Your answer must be the lines from the first record through the line that contains "未脫鈣兔骨 Goldner染色", copied exactly and without any pictures.

BEGIN Data for review

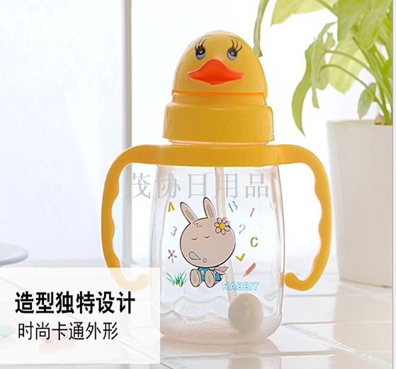 小淘气 卡通迷你小黄鸭水杯 带柄带吸管200ML儿童吸水壶AW-3
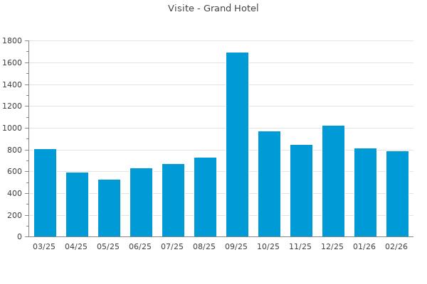 Nella retta verticale il numero delle Visite - Nella retta orizzontale gli ultimi 12 mesi (se disponibili), escluso il mese corrente, che viene automaticamente aggiunto/visualizzato il primo giorno del mese successivo.
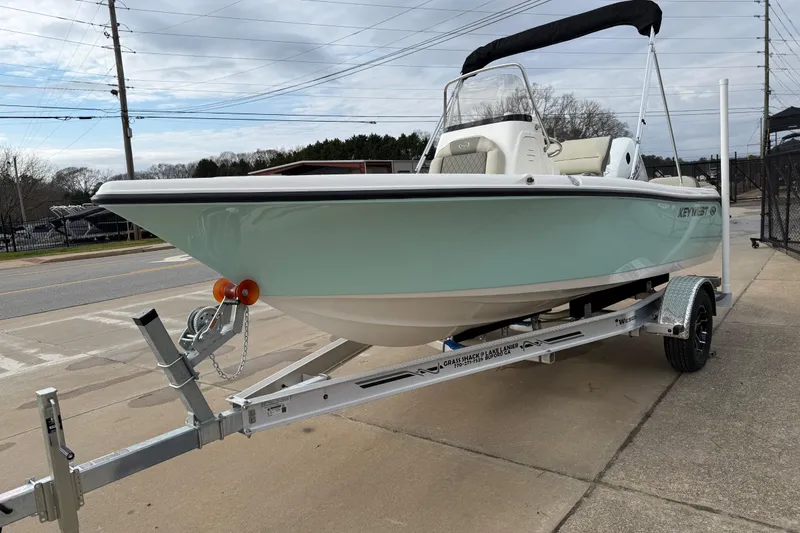 New 2026 Key West 189 FS. This boat is powered by a white Suzuki DF140 EFI 4-stroke.
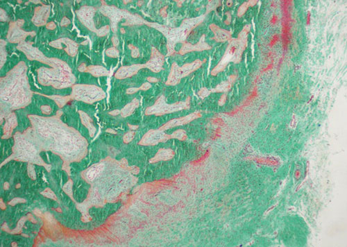 未脫鈣兔骨 Goldner染色
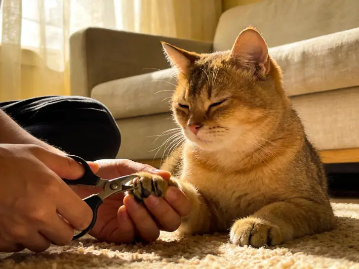 Trim nails every 2–3 weeks, only clipping the clear tip and avoiding the quick. Start young with positive reinforcement for easy tolerance.
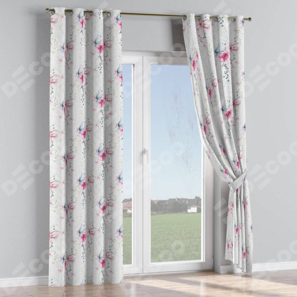 Комплект прямых штор, от производителя «Cortin», пошиты из ткани блэкаут с нанесением сублимационной печати «Мелодия цветов». Данная модель пошита на люверсах, комплектуется на выбор круглым карнизом и подходит для монтажа на стену или потолок. Прямые шторы на люверсах шьются по стандарту с коэффициентом 1/2 (на 100 см. ширины проёма 200 см. ширины ткани), отличительным преимуществом данной модели является простой способ монтажа. Достаточно повесить ее на трубу и штора готова!
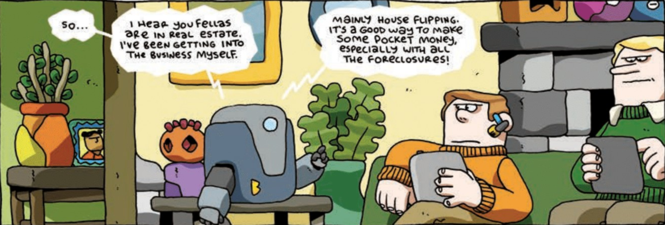 But just as we start exploring these issues surrounding gentrification, House of the Black Spot transforms into a murder mystery. Someone has killed one of Gear Town’s most beloved citizens. Plus Man and Hank, along with their new friend Mel, must investigate. The most likely culprits are two greedy businessmen and one greedy businessrobot, who stood to gain valuable real estate in the case of the victim’s untimely death.
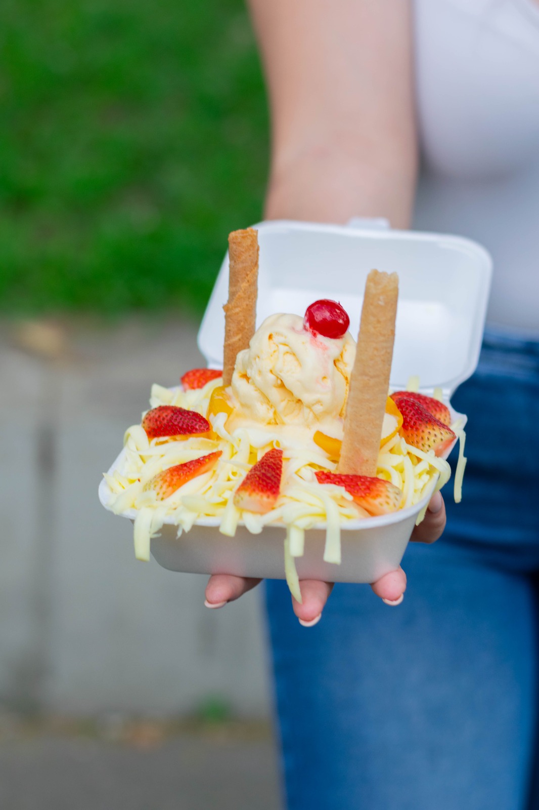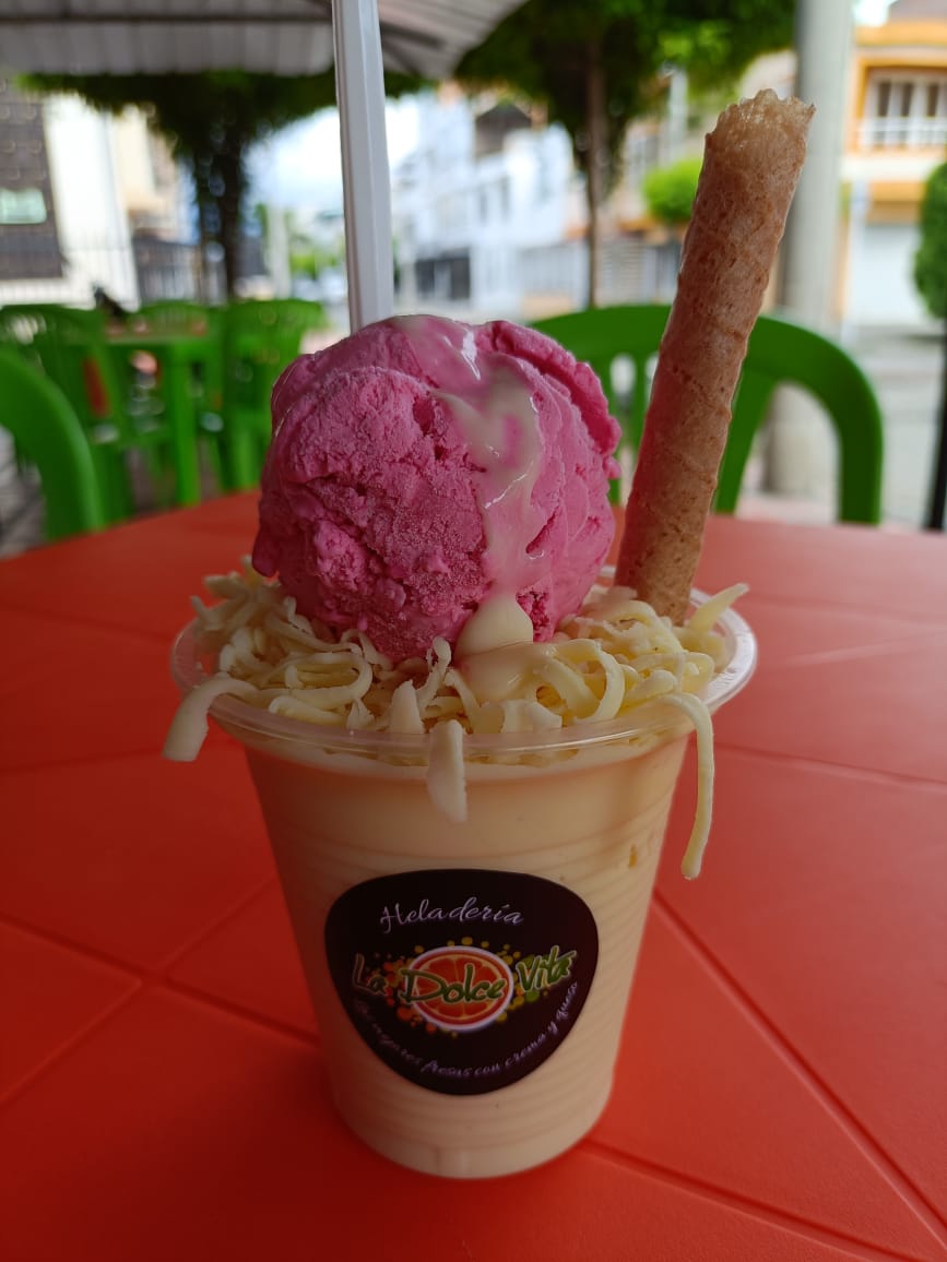 Deliciosa crema de la casa papaya, banano, piña, mango, queso de la casa, bolá de helado adornado con fresas.
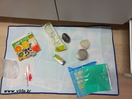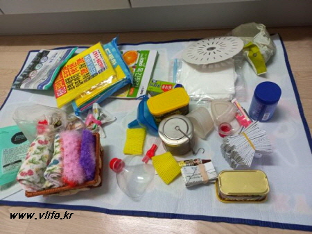 혹시 쓸까 싶어 두었던 몇 년 된 케이크 초와 비닐봉지가 쓰레기로 남았어요.
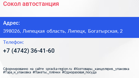 Сокол, автостанция по адресу 398026, Липецкая область, Липецк, Богатырская, 2 в дальнейшем Организация, размещена в следующих категориях:

END Data for review

▶ **Output for this task**
 小淘气 卡通迷你小黄鸭水杯 带柄带吸管200ML儿童吸水壶AW-3
 Nella retta verticale il numero delle Visite - Nella retta orizzontale gli ultimi 12 mesi (se disponibili), escluso il mese corrente, che viene automaticamente aggiunto/visualizzato il primo giorno del mese successivo.
 New 2026 Key West 189 FS. This boat is powered by a white Suzuki DF140 EFI 4-stroke.
 未脫鈣兔骨 Goldner染色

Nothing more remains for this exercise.